Based on the foregoing, the Court rejects Defendant’s equitable estoppel theory.
Third-Party Beneficiary
For Defendant’s contention of enforcing the arbitration agreement as a third-party beneficiary to be true, “the parties to the contract must have intended the third party to benefit.” (Hess v. Ford Motor Co. (2002) 27 Cal.4th 516, 524.) To do so, Defendant must show that “(1)…the third party would in fact benefit from the contract, but also (2)…a motivating purpose of the contracting parties was to provide a benefit to the third party, and (3)…permitting a third party to bring its own breach of contract action against a contracting party is consistent with the objectives of the contract and the reasonable expectations of the contracting parties. All three elements must be satisfied to permit the third party action to go forward.” (Goonewardene v. ADP, LLC (2019) 6 Cal.5th 817, 830.)
The Court of Appeal in Ochoa also rejected the auto manufacturer’s third-party beneficiary argument. Analyzing the Ninth Circuit Court of Appeal's recent decision in Ngo v. BMW of North America, LLC (2022) 23 F.4th 942, the Second District agreed that the sales contracts reflect no intention to benefit a vehicle manufacturer under Goonewardene – nothing in the sales contracts or their arbitration provision offers any direct “benefit” to the manufacturer, there was no indication that a benefit to the manufacturer was a motivating purpose of the contract, and allowing the manufacturer to enforce the arbitration would be inconsistent with the reasonable expectations of the contracting parties. (Ochoa, supra, 89 Cal.App.5th at pp. 1337-1338.)
Applying the same reasoning here, there is insufficient evidence to show whether a motivating purpose of the contracting parties was to provide a benefit to Defendant. Civil Code section 1559 requires that a contract benefiting a third party must be made expressly for the benefit of a third person before that third party can enforce it. (Civ. Code § 1559.) The Court finds no language in the Lease Agreement or Arbitration Agreement indicating an express intent to benefit Defendant, nor does the Court find that allowing Defendant to compel arbitration would be consistent with the reasonable expectations of the contracting parties.

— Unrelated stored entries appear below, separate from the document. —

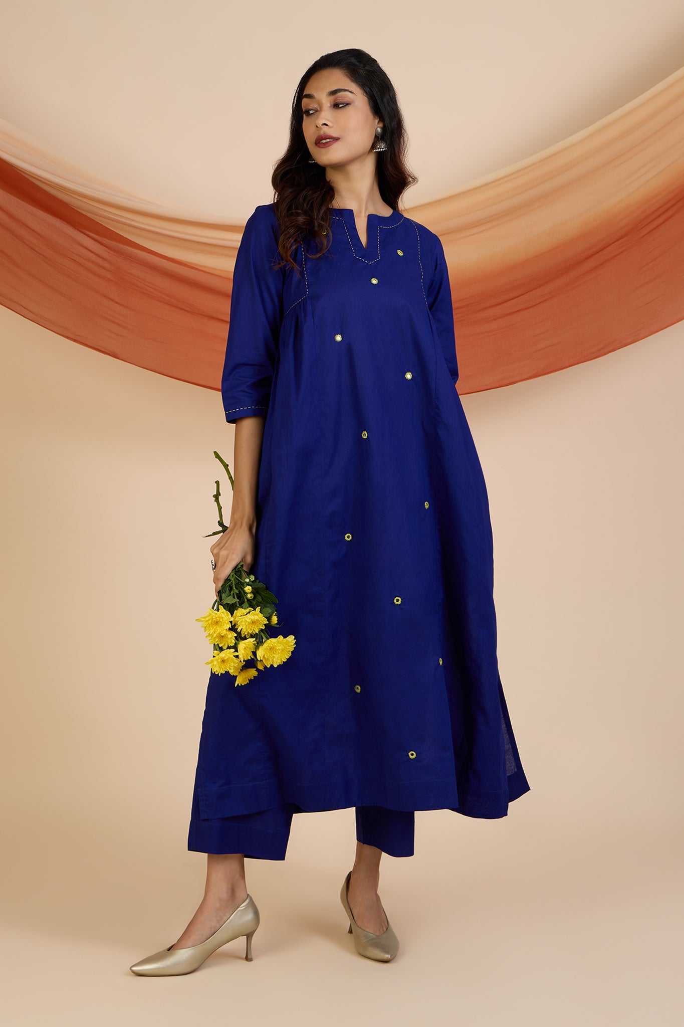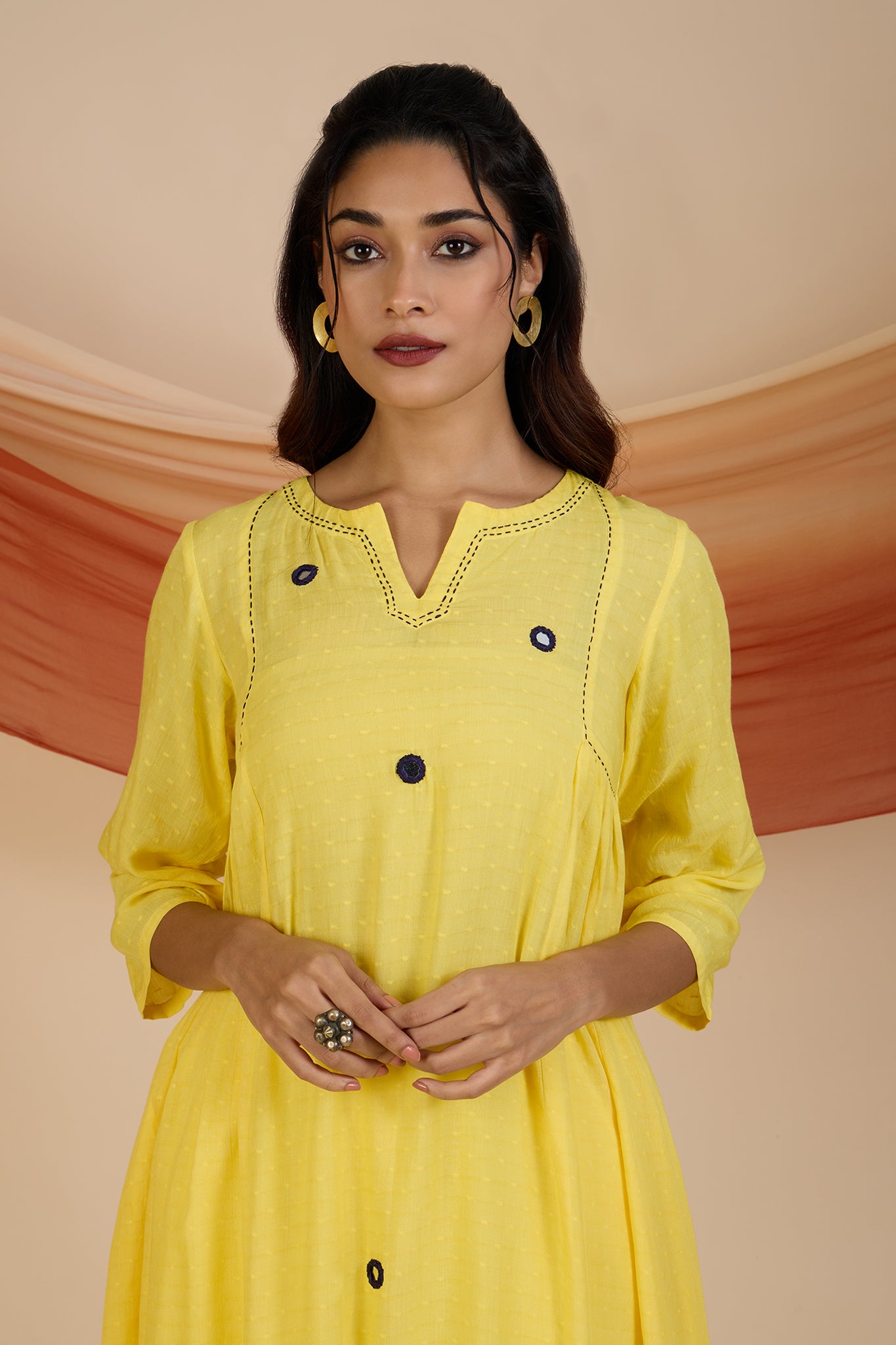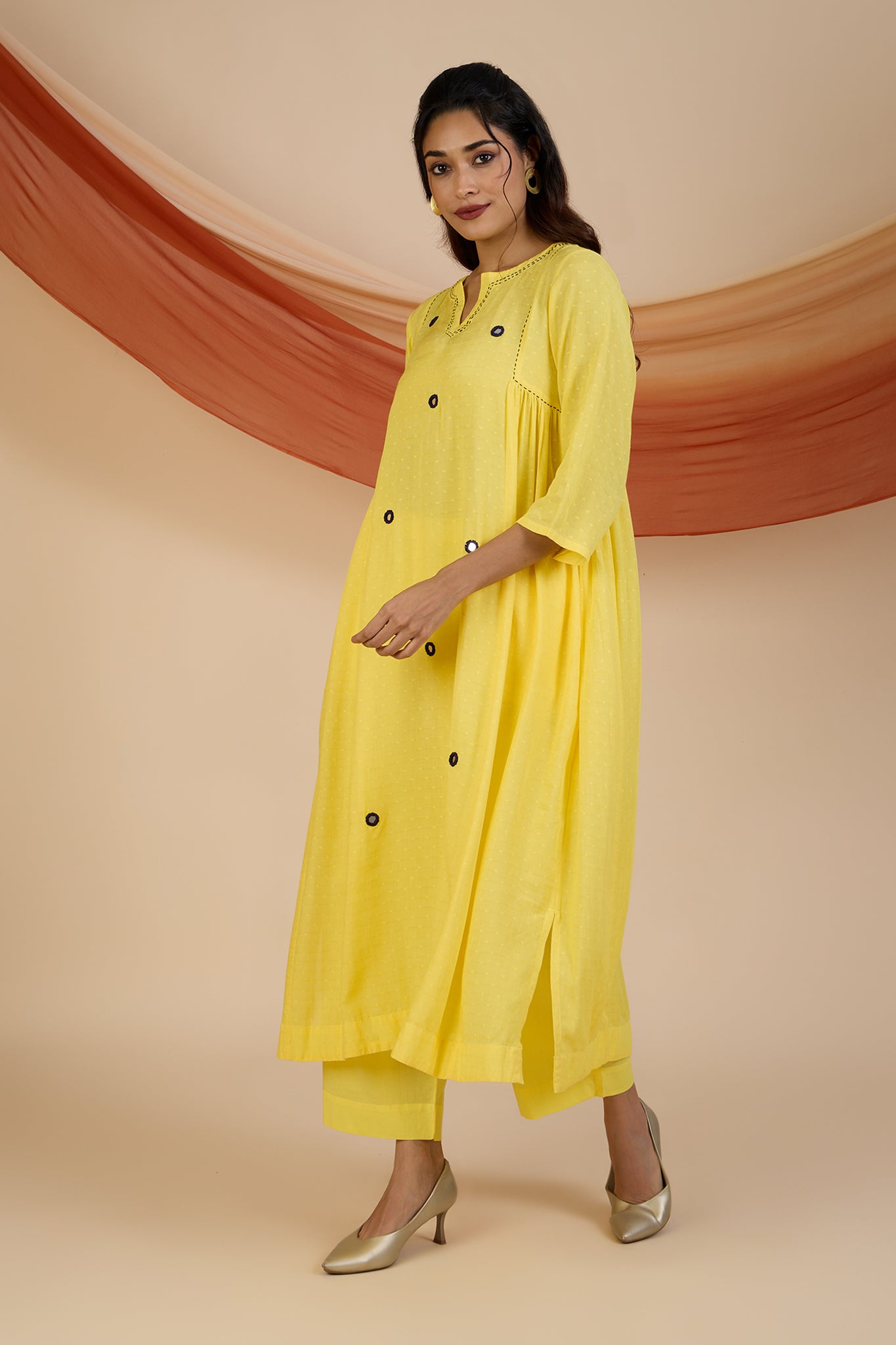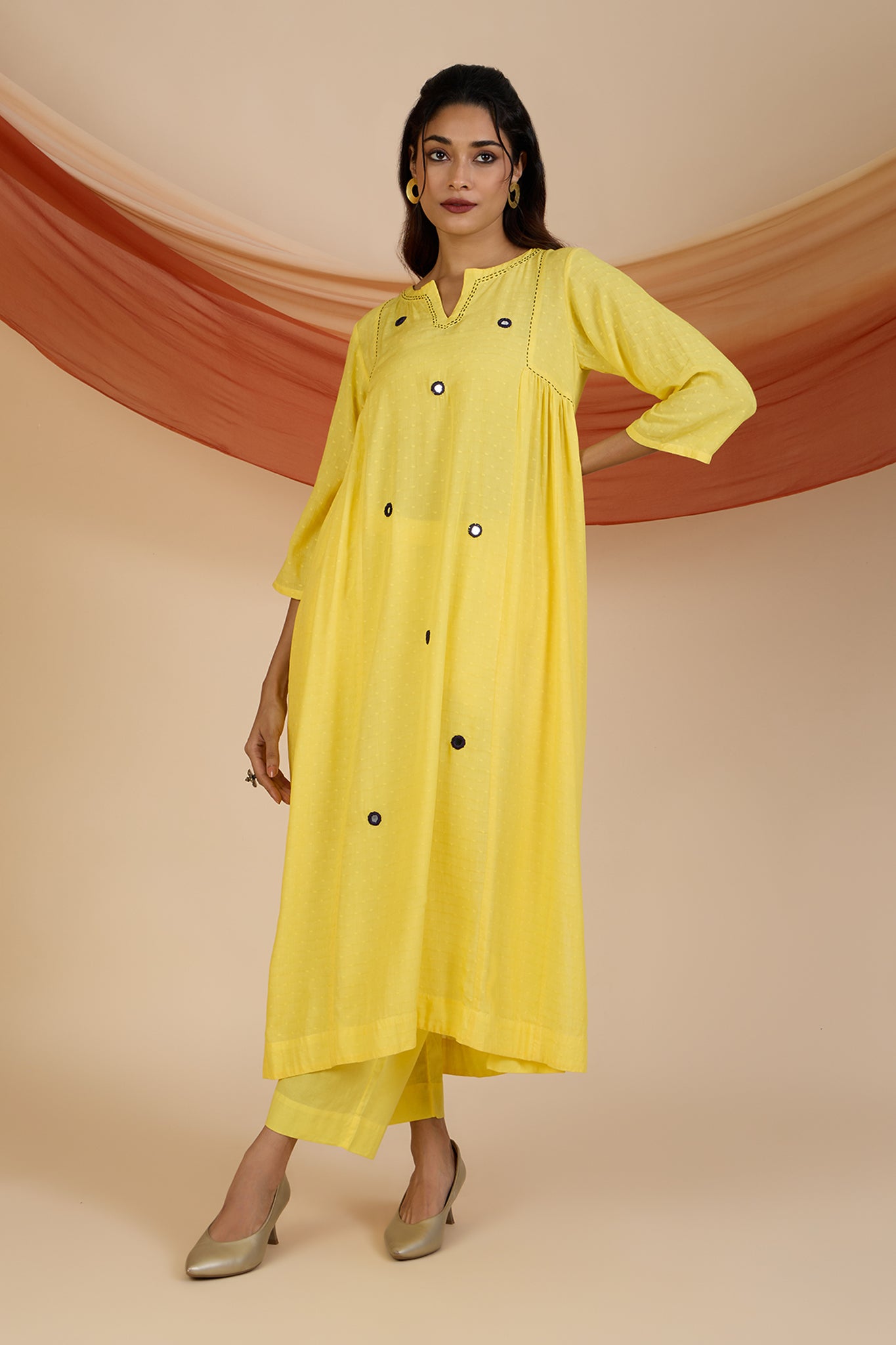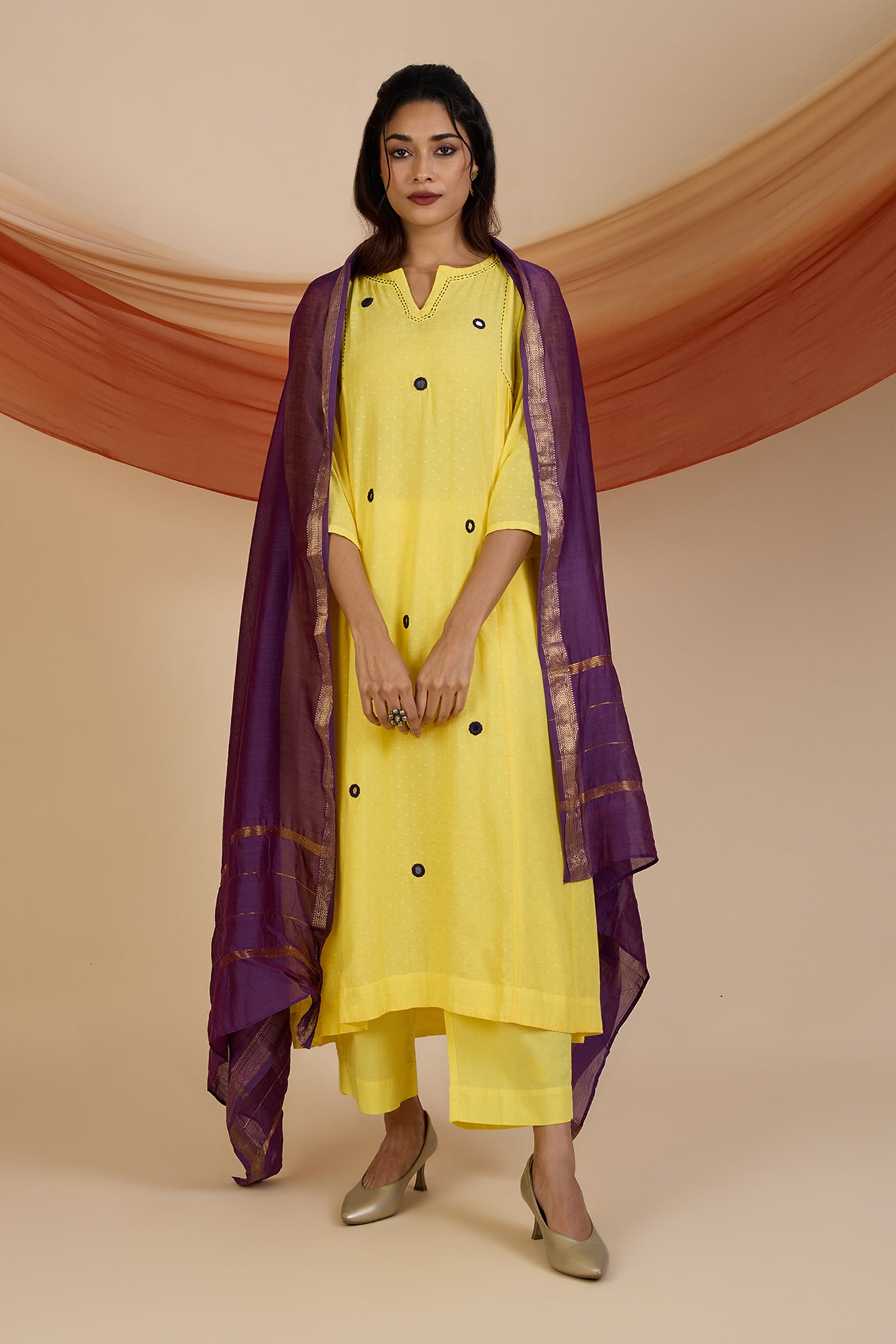 Introducing our captivating mellow yellow a-line kurta with side gathers, a modern interpretation of timeless elegance. Adorned with a charming neckline and intricate gather detail on the placket, it exudes sophistication. Accentuated by delicate hand mirrorwork embroidery in hues of purple , this ensemble emanates understated glamour. Pair it with monotone trousers, available separately, for a bold yet refined look. Elevate your ensemble with a stunning maheshwari purple dupatta, perfect for summery brunches or family gatherings. Crafted from soft modal, adorned with delicate work, it's gentle on the skin and boasts summery green hues. Inspired by modern Mughal aesthetics, this Anarkali embodies timeless elegance with a contemporary twist.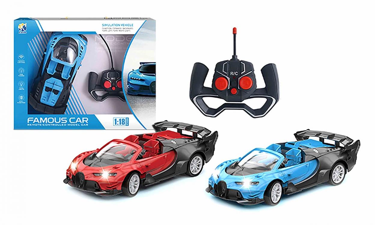 W zestawie: auto dł. 24 cm, pilot, ładowarka, akumulator, funkcje: 27 mhz, pełny zakres jazdy, gumowe opony, działające przednie światła, ustawienie zbieżności kół, 2 wzory, wym. Opak. 36 x 29 x 7,5 cm, baterie: 1 x 3,7V (auto) dołączony, 2 x AA 1,5V (pilot) niedołączone, 3+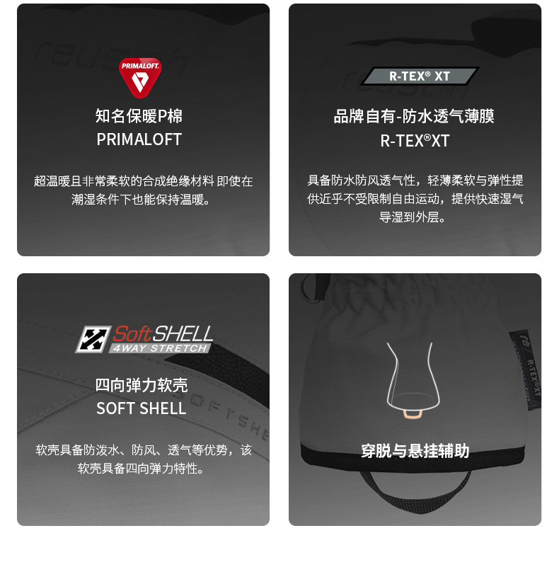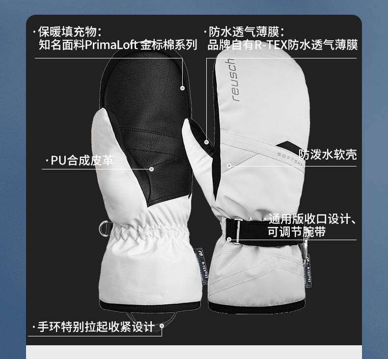 Reusch 炫驰 女士款并指滑雪手套防风防水 6331513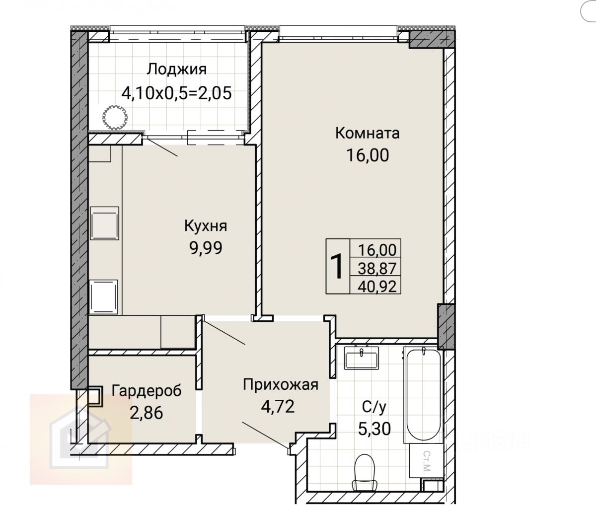 Общая площадь : 40.92 м2 Жилая площадь : 16 м2 Кухня : 10 м2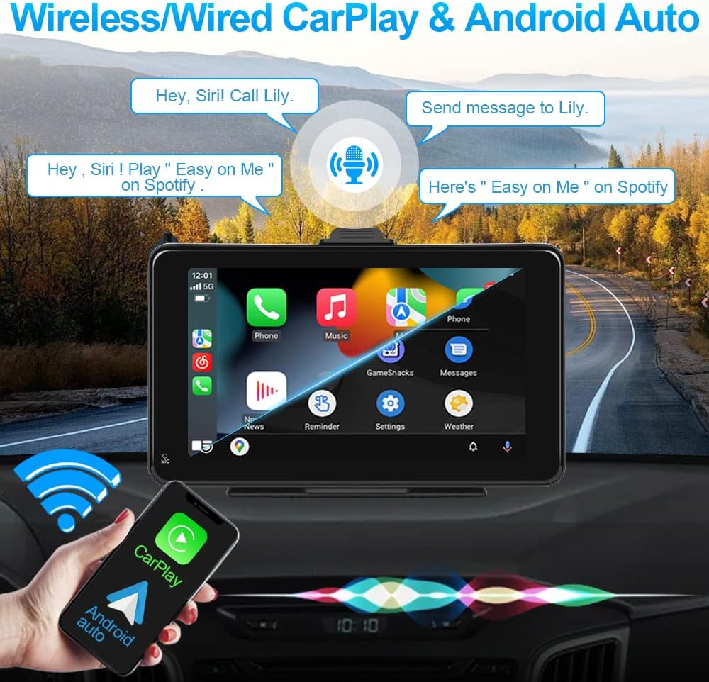 - [Drahtloses Apple Carplay & Android Auto & Apple Airplay] – Kompatibel mit Apple Carplay und Android Auto. Nach der drahtlosen oder USB-Verbindung kann es mit Siri / Karten / Musik / Telefonanrufkompatibilität verwendet werden. Unterstützt die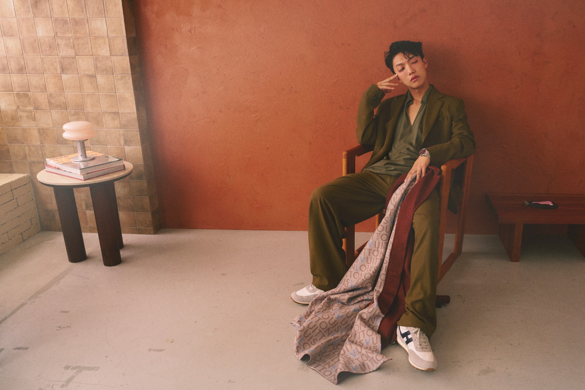 Fashion:Blazer, Shirt, Trousers by Tod's;Coat by Louis Vuitton;Shoes by HOGAN;Watch by TAG Heuer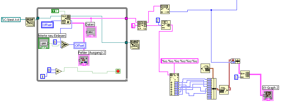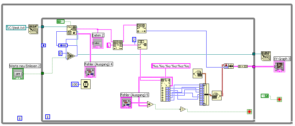:mellow:Ich habe dich gefragt, ob du das 'Read from Spreadsheet' VI benutzen kannst... deine Antwort war positiv. Nur benutzen, wie ich es im oberen Beispiel gezeigt habe, tust du es nicht.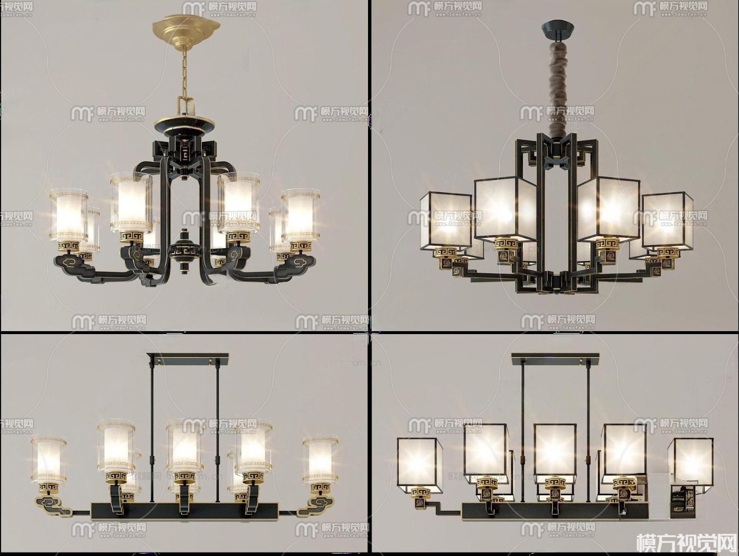 新中式轻奢吊灯组合3D模型(ID:0038762)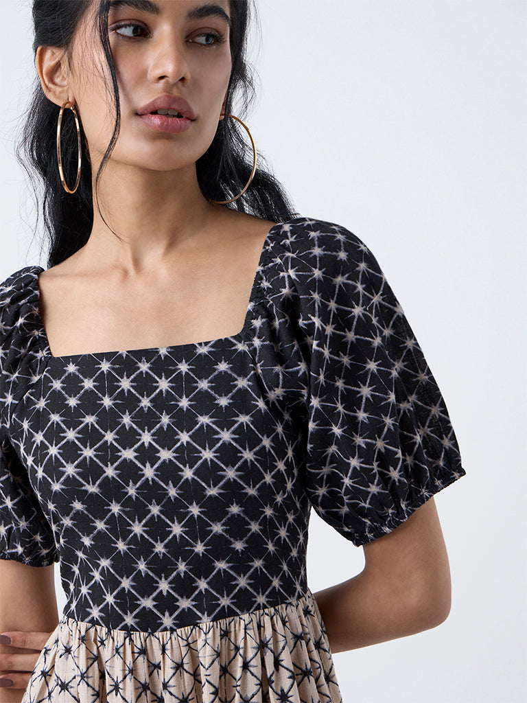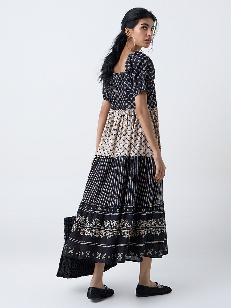 Bombay Paisley Black Printed Cotton Tiered Dress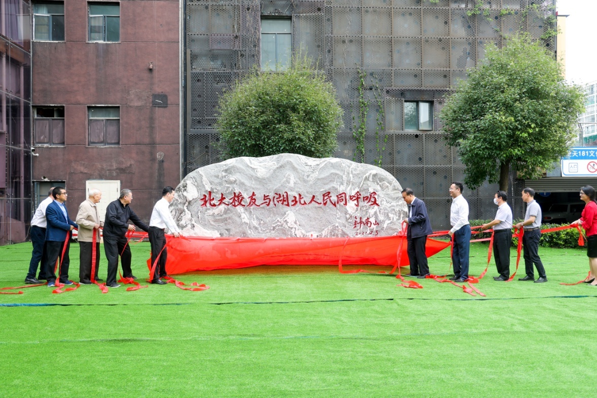 湖北省政府副秘书长陈家伟,北京大学校友会常务副会长王杰,北京大学校友会副会长兼秘书长、校友工作办公室主任李文胜,湖北省博物馆馆长、1987级校友方勤出席揭幕式。仪式现场, 94岁高龄的1953级校友朱传棨,1956级校友郑泽厚,1961级校友时永春、夏安享,1963级校友程康彦等湖北籍老校友也应邀出席,与200余位北大校友共同见证纪念石揭幕。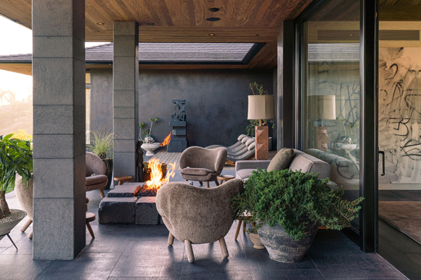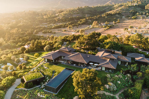 Имотот е дизајниран да изгледа како балиско одморалиште. Секоја од зградите има покриви од слама, додека главните завршетоци се топло дрво и темен камен. Деџенерис и Роси значително го проширија овој имот кога го купија, додавајќи уште некои парцели во близина.

Based on the foregoing, the Court rejects this argument as well, and DENIES the motion to compel arbitration and stay action. The Court declines to address the parties’ other arguments raised in their respective briefs. The Court also lifts its stay issued on December 22, 2022.
CONCLUSION
The Court DENIES Defendant Ford Motor Company’s motion to compel arbitration and stay action. The Court further lifts its stay issued on December 22, 2022.
Plaintiffs are ordered to give notice of the Court’s ruling within five calendar days of this order.